14. LoRA Handoff Scheduling
Prerequisites: Completed Tutorial 03 (FFN MoE Expert LoRA)
Research / Advanced Feature (Experimental): LoRA Handoff is an advanced research feature for LoRA-to-base FFN knowledge transfer. In most cases, standard 3-Phase training (without Handoff) is sufficient. Details: checkpoint_lora_lifecycle.md section 7
Strategy restriction: Only available with the
moe_expert_lorastrategy.Training type restriction: DPO + Handoff is structurally incompatible. When LoRA is frozen, policy = reference, making learning impossible. Use Handoff only with SFT or ORPO. With
dense_lora/mixture_lora, base weights are frozen, so "knowledge transfer" does not apply.
Goal
Learn how to gradually fade LoRA and transfer knowledge to base FFN
in the moe_expert_lora strategy.
- First half of training: Converge quickly using LoRA delta
- Second half of training: Reduce LoRA scale from 1.0 to 0.0 while strengthening base FFN learning
- Final checkpoint: Can save a pure base model without any LoRA parameters
1. Why LoRA Handoff?
The moe_expert_lora strategy extends FFN into MoE and wraps each expert with LoRA.
While this approach is efficient, the final model retains LoRA adapters, which means:
- Additional computation during inference (base + LoRA delta)
- Increased checkpoint size
- Increased deployment complexity
LoRA Handoff solves these issues:
- Start with fast convergence using LoRA in the early stages
- After unfreezing
base_ffn, gradually reduce LoRA influence (lora_scale: 1.0 -> 0.0) - Simultaneously increase base_ffn LR so base weights absorb the role of LoRA
- Ultimately obtain a pure model without LoRA
Why Only moe_expert_lora?
| Strategy | Can base_ffn be trained? | Handoff meaning |
|---|---|---|
dense_lora |
frozen (default) | scale=0 -> reverts to original base. No transfer |
mixture_lora |
frozen (default) | Same. Single base, not trained |
moe_expert_lora |
Each expert copy can be unfrozen | scale down + base LR up -> knowledge transfer is viable |
With dense_lora/mixture_lora, setting lora_scale=0 + remove does not "transfer knowledge" --
the changes simply disappear and the model reverts to the original base. Therefore, training.lora_handoff
is only allowed when injection.strategy=moe_expert_lora.

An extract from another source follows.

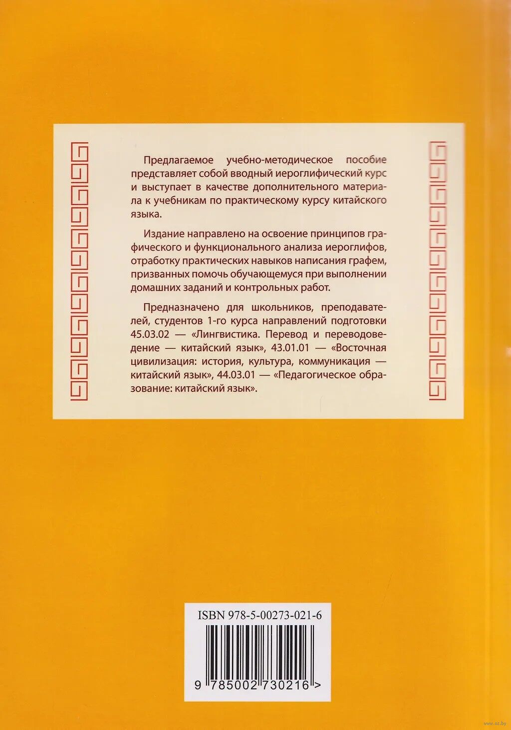 Издание направлено на освоение принципов графического и функционального анализа иероглифов, отработку практических навыков написания графем, призванных помочь обучающемуся при выполнении домашних заданий и контрольных работ.

2. Basic Configuration Example
# Based on configs/presets/qwen3.5_0.8b_moe_expert_lora_sft_handoff.yml
device: cuda:0
backbone: qwen3
model_name: Qwen/Qwen3.5-0.8B-Base
injection:
strategy: moe_expert_lora # <- Required: handoff only works with this strategy
lora_r: 48
lora_alpha: 96
lora_dropout: 0.05
num_experts: 4
top_k: 2
target_keywords: [gate_proj, up_proj, down_proj]
start_layer: 0
num_layers: 0
attn_lora:
enabled: true
keywords: [q_proj, v_proj]
moe:
router_z_loss_coef: 0.001
load_balance:
type: aux_loss
aux_loss_coef: 0.01
router_dtype: float32
training:
type: sft
phases:
- step: 0
trainable: ["router"] # Phase 0: Router warmup
- step: 500
trainable: ["lora", "attn_lora"] # Phase 1: LoRA training
- step: 4000
trainable: ["lora", "attn_lora", "router", "base_ffn"] # Phase 2: base_ffn unfreeze
base_ffn_keywords: ["gate_proj", "up_proj", "down_proj"]

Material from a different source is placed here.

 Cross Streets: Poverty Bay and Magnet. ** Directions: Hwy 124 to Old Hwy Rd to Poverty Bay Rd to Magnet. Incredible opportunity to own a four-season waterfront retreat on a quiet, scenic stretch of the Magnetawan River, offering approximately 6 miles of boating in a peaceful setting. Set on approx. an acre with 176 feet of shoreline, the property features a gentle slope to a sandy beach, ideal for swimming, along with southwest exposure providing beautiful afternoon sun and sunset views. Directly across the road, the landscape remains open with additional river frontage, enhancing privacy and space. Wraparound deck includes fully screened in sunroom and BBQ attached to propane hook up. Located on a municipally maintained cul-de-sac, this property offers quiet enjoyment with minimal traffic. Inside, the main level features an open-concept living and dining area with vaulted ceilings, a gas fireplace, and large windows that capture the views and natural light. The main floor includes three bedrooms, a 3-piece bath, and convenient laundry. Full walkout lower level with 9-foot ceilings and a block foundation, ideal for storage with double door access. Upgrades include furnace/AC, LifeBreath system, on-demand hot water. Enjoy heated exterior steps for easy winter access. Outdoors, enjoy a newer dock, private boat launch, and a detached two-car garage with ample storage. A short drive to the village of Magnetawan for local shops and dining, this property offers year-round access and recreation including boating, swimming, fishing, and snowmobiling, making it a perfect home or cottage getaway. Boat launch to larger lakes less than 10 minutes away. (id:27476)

# target_layers omitted -> automatically extracted from injection.start_layer/num_layers
lr: 1.0e-5
weight_decay: 0.01
warmup_steps: 200
max_train_steps: 10000
batch_size: 4
grad_accum_steps: 4
max_grad_norm: 1.0
log_steps: 50
save_steps: 2000
val_steps: 1000
# -- LoRA Handoff --
lora_handoff:
expert_lora:
start_step: 4000 # Start fade simultaneously with base_ffn unfreeze
duration_steps: 4000 # Gradually decrease over 4000 steps
end_scale: 0.0 # Complete removal
curve: cosine # Cosine decay (gradual early, steep later)
end_action: freeze # Freeze LoRA parameters after fade completes
attn_lora:
start_step: 5000
duration_steps: 3000
end_scale: 0.0
curve: linear
end_action: freeze
base_ffn_ramp:
start_step: 4000
end_step: 8000
start_multiplier: 1.0
end_multiplier: 3.0
export:
remove_adapters_if_zero_scale: true
Preconditions
The validator checks these automatically:
| Condition | On violation |
|---|---|
P1: injection.strategy = moe_expert_lora |
ConfigValidationError |
P2: training.phases must contain at least one base_ffn |
ConfigValidationError |
P3: lora_handoff.attn_lora -> injection.attn_lora.enabled: true |
ConfigValidationError |
3. Verifying Handoff in Training Logs
When Handoff is active, the following events are automatically printed in the training logs:
[Train] LoRA Handoff Scheduler enabled: ['expert_lora', 'attn_lora', 'base_ffn_ramp', 'export']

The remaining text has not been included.